Lib Dem MP Layla Moran said the report "holds yet another sombre mirror to our society, where some of our most vulnerable have born the brunt of the suffering".

The party leadership hopeful has also called for a taskforce to be set up to consider measures and agree actions to better protect vulnerable groups.

"It's time for the Government to give this report the acknowledgement it deserves, and admit that due to inequalities in our society, Coronavirus has been able to discriminate," Ms Moran added.

Mr Hancock told the Commons: "I am determined that we continue to develop our understanding and shape our response. I am pleased to announce my honourable friend the Equalities Minister will be leading on this work and taking it forward working with PHE and others to understand the impacts.”

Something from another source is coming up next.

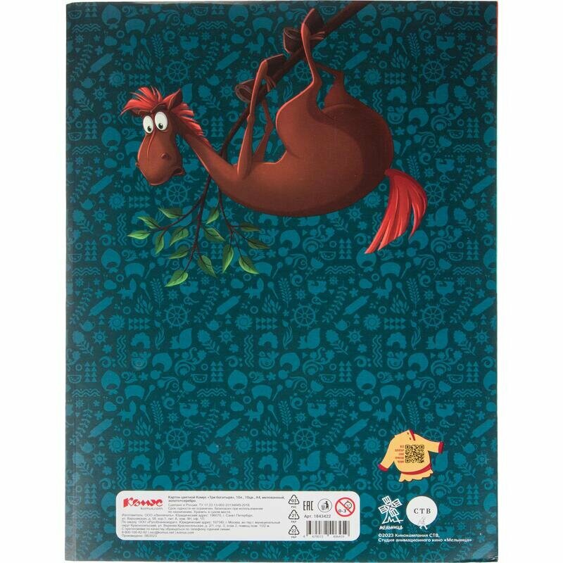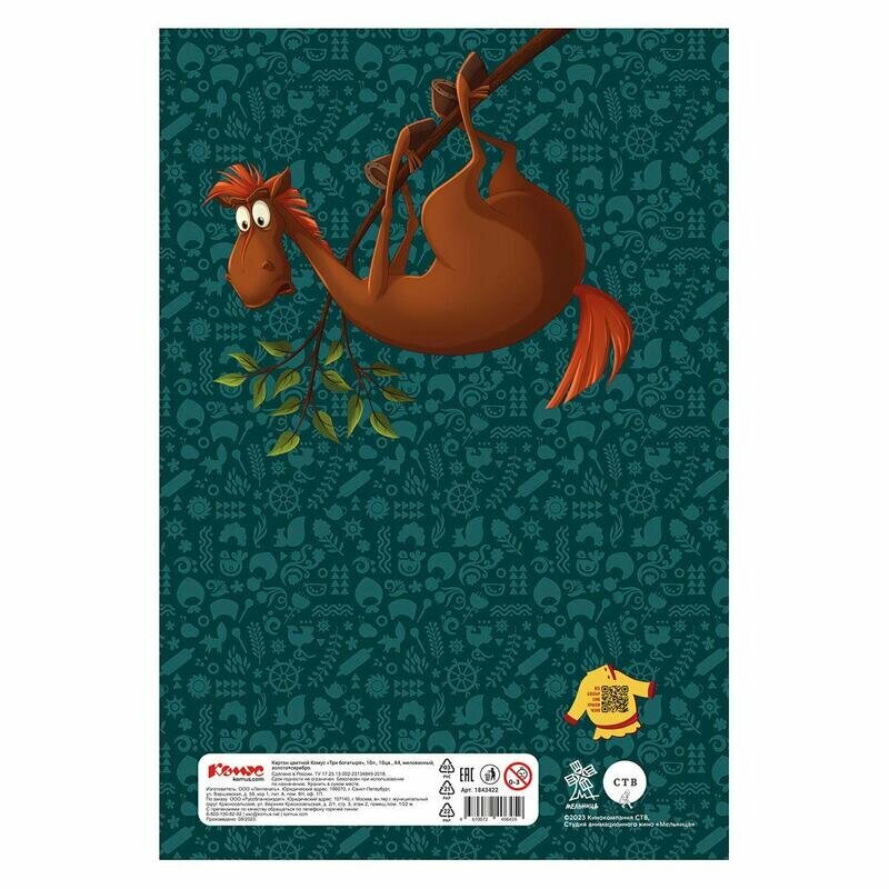 Картон цветной А4 Комус Три Богатыря, 10 листов, 10 цветов, мелованный , односторонний
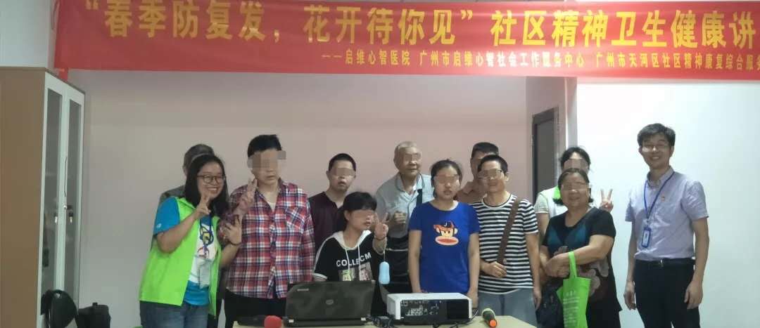 为做好春季精神障碍患者预防和管理工作,4月10日下午,我院与天园街残疾人联合会主办,联合天河区社区精神康复综合服务中心、天河区康园工疗站,天园街家庭综合服务中心、天园街社区卫生服务中心,在星光老人之家举行了以“春季防复发,花开待你见” 为主题的社区精神卫生健康讲座。天河区残联业务科长王智斌,天园街理事长曹婉华,腰岗社区居委主任林彩云参加了活动。

Responding to the report, Labour's Shadow Women and Equalities Secretary Marsha de Cordova said: “This review confirms what we already knew - that racial and health inequalities amplify the risks of Covid-19. Those in the poorest households and people of colour are disproportionately impacted. 

“But when it comes to the question of how we reduce these disparities, it is notably silent. It presents no recommendations. Having the information is a start – but now is the time for action. 

“The Government must not wait any longer to mitigate the risks faced by these communities and must act immediately to protect BAME people so that no more lives are lost.”